Malakoff fut d’abord un quartier de Vanves qui s’est développé dans l’anarchie de la spéculation foncière autour du parc d’attraction dédié aux gloires militaires du second Empire avec sa fameuse Tour Malakoff de plus de 50 mètres de haut. Pour leurs demandes administratives les habitants devaient se rendre à la nouvelle mairie de Vanves construite à mi-coteau de l’autre côte de la voie ferrée

La population dépassera rapidement celle du bourg de Vanves. Sous la pression populaire et avec l’appui des élus au Conseil Municipal qui habitent le nouveau quartier, un décret présidentiel crée en 1883 une nouvelle commune qui prendra le nom de Malakoff.

Par délibération en date du 29 avril 1884, le Conseil municipal ratifiait la sous-location faite par le Maire monsieur Féburier de deux maisons au 28 rue du Camps Français (aujourd’hui rue Victor-Hugo) appartenant à la famille Pappel, pour servir de Mairie. La maison fut occupée à partir de 1888, en location directe, la commune en devint propriétaire en 1922 pour la somme de 135 000 francs. Les dépenses occasionnées par l’agrandissement des locaux, l’installation du chauffage central s’élevèrent à 295 000 francs environ

La Mairie de la jeune commune de Malakoff fut donc installée dans un immeuble d’une superficie de 800m2, pris en bail par la commune 

pour une durée de 18 ans au terme d’un acte du 18 avril 1888, approuvé le 5 mai suivant. Le loyer annuel représentait la somme de 4.300francs.

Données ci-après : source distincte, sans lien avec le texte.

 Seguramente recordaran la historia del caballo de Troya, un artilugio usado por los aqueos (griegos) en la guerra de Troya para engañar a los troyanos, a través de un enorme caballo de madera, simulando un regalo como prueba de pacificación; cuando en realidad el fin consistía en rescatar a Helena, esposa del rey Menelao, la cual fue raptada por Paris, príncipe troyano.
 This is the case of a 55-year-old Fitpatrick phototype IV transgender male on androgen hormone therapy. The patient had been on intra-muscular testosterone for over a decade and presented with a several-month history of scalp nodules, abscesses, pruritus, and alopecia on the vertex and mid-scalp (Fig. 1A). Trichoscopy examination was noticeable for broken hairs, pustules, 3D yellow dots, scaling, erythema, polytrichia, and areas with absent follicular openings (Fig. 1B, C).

Au rez-de-chaussée étaient installés le cabinet du maire, les bureaux du secrétaire, de l’état civil et la salle des mariages. Cette dernière servait aussi pour les réunions du Conseil municipal.Le premier étage était occupé par le logement du secrétaire de Mairie. Une annexe servait de bureau et de logement au receveur municipal.

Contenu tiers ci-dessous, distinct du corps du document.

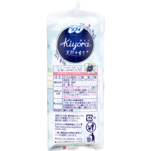 天然成分配合の香りつづく♪さらさらキレイ! ホワイトフローラルの香り! やさしいフルーツの香りと、清潔感あるフローラルのやわらかな香りが広がります。 ・「さらさらキレイ!」のヒミツ おりものや汗をすーっと引き込みベタつきを軽減。 全面通気シートで、ムレを防ぎます。 ・「においマスキング」のヒミツ おりもののにおいを軽減するから、クリアな香りを楽しめます。 ・フラワーデザインの個別ラップ 個装サイズ:150X135X60mm 個装重量:約115g 内容量:72個入 製造国:日本 【発売元:ユニ・チャーム株式会社】 【構成材料】 表面剤:ポリエチレン、ポリエステル 色調:白、香料 【サイズ】 14cm 【使用上の注意】 ・生理日以外にお使いください。 ・お肌に合わないときは医師に相談してください。 ・使用後のライナーは個別ラップ(やわらかラップ)に包んですててください。 ・トイレにすてないでください。 【保管上の注意】 ・開封後はほこりや虫などの異物が入らないよう、衛生的に保管してください。 注意事項 予告なく成分・パッケージが変更になることがございます。 予めご了承ください。 *予告なく成分・パッケージが変更になることがございます。予めご了承ください *ダンボールを使用して発送する場合には、入数以下の個数の場合、 中古ダンボールを使用する場合があり、ご注文の商品とは異なるダンボールになる場合があります。 あらかじめ、ご了承ください。 |

Par la suite, d’autres améliorations furent apportées à la Mairie dont la situation géographique posait de plus en plus question. Un projet déjà ancien envisageait la construction d’un véritable centre administratif à l’emplacement de l’ancien groupe scolaire Jean-Jaurès. Réétudiée en 1957, le projet de construction d’une nouvelle mairie fut évalué à environ trois à quatre millions. D’autres besoins plus impérieux comme les logements et les écoles ne rendaient pas possible la réalisation d’un tel projet. C’est pourquoi le Conseil municipal de février 1957 se rallia à une solution transactionnelle beaucoup plus modeste en décidant l’agrandissement de la Mairie de la rue Victor Hugo

L’Hôtel de ville occupera ce bâtiment durant 91 ans (1885-1976).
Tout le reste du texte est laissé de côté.